Although the entries contain pictures, only their text goes into the copy, set down exactly.

**THE DATA**
○ ○ ○ ○ ○

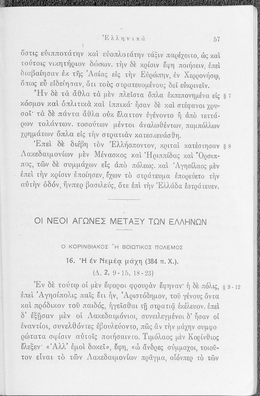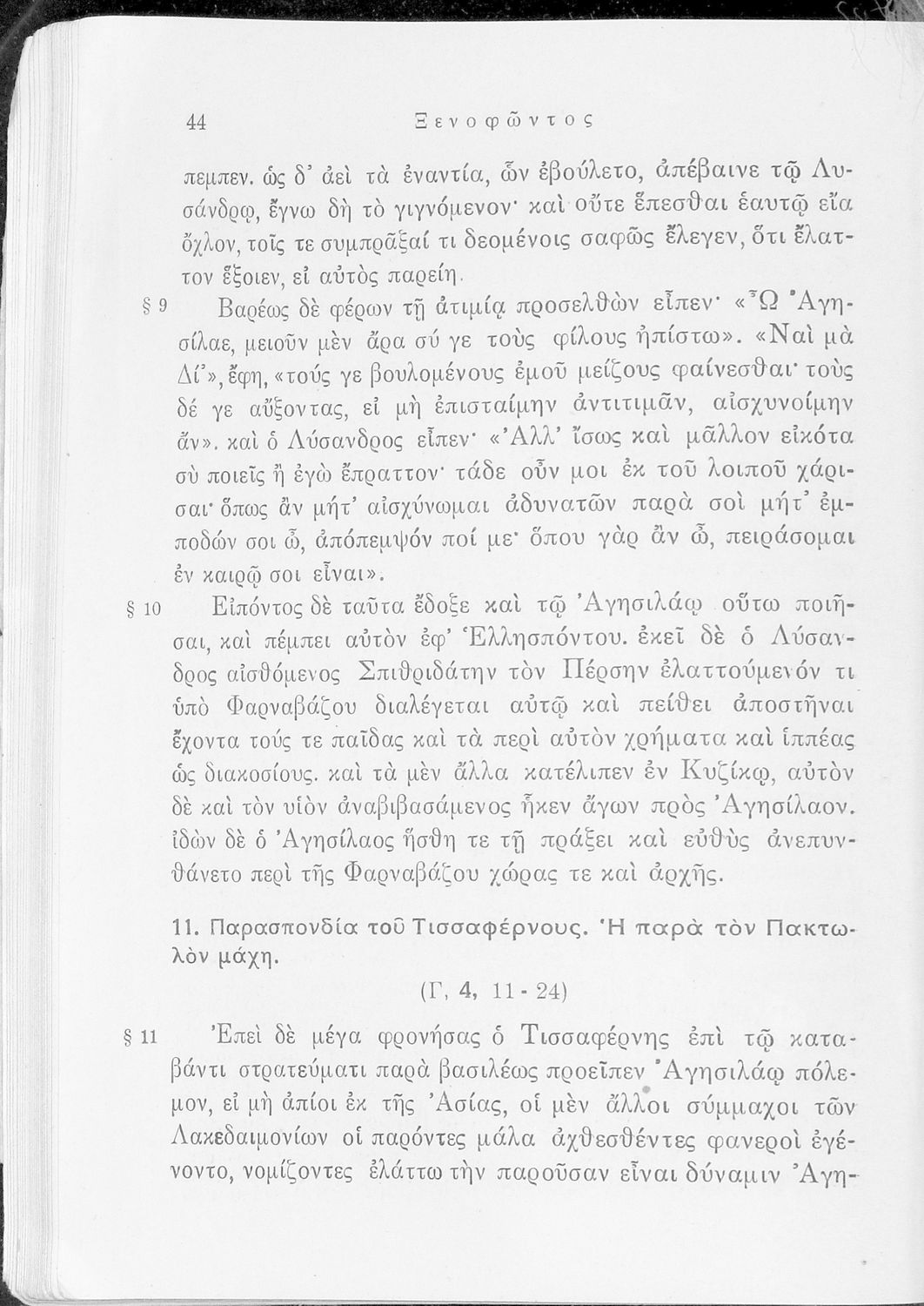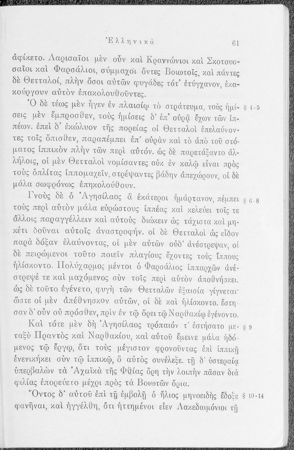 Σχολικό εγχειρίδιο Αρχαίων Ελληνικών Δ΄ Γυμνασίου που περιλαμβάνει αποσπάσματα από το έργο του Ξενοφώντα Ελληνικά, γραμματικές και συντακτικές παρατηρήσεις και ερμηνευτικά και πραγματολογικά σχόλια.
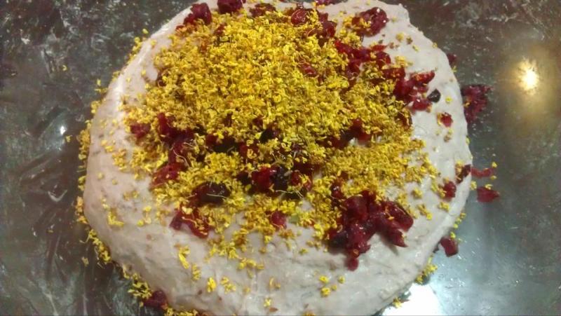 this is another version of red wine(Chateau Cap De Faugeres) cranberry sourdough using yeast water and osmanthus flower...
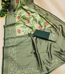 Light green soft silk blend banarasi jacuard work designer saree with blouse
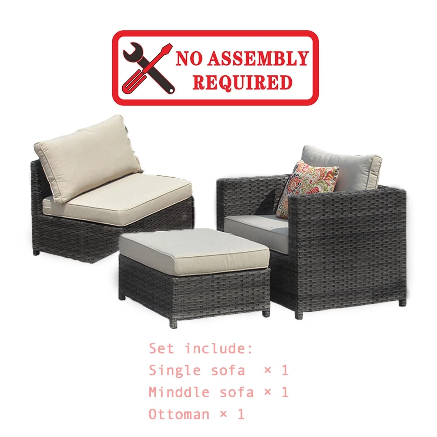 | Items Included | Sectional includes 3 PCS: Arm Chair x 1, Armless Chair x 1, Ottoman x 1 |
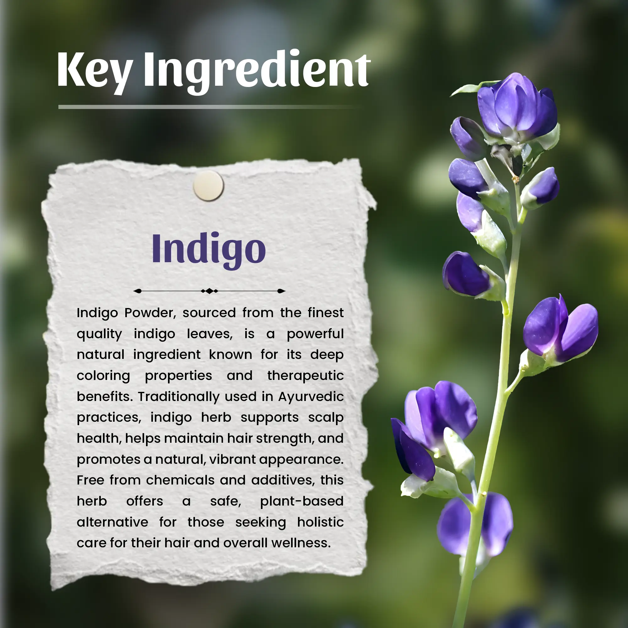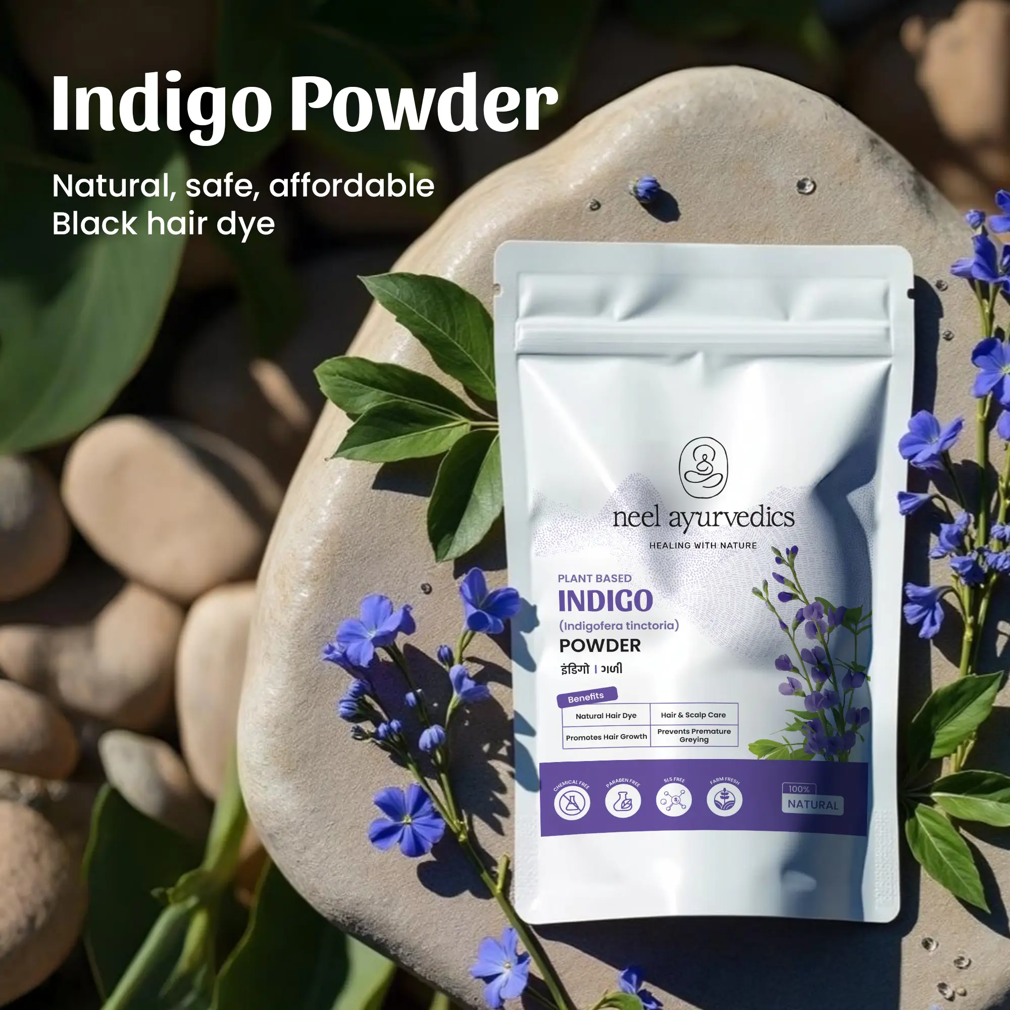 Neel Ayurvedics Indigo Powder is a natural and safe alternative to chemical hair dyes, made from 100% pure Indigofera tinctoria leaves. Traditionally used in Ayurvedic hair care, this herbal powder gives your hair a rich blue-black tint while nourishing your scalp and strengthening the roots.

○ ○ ○ ○ ○

**TASK RESPONSE**
 Σχολικό εγχειρίδιο Αρχαίων Ελληνικών Δ΄ Γυμνασίου που περιλαμβάνει αποσπάσματα από το έργο του Ξενοφώντα Ελληνικά, γραμματικές και συντακτικές παρατηρήσεις και ερμηνευτικά και πραγματολογικά σχόλια.
 this is another version of red wine(Chateau Cap De Faugeres) cranberry sourdough using yeast water and osmanthus flower...
 Light green soft silk blend banarasi jacuard work designer saree with blouse
 | Items Included | Sectional includes 3 PCS: Arm Chair x 1, Armless Chair x 1, Ottoman x 1 |
 Neel Ayurvedics Indigo Powder is a natural and safe alternative to chemical hair dyes, made from 100% pure Indigofera tinctoria leaves. Traditionally used in Ayurvedic hair care, this herbal powder gives your hair a rich blue-black tint while nourishing your scalp and strengthening the roots.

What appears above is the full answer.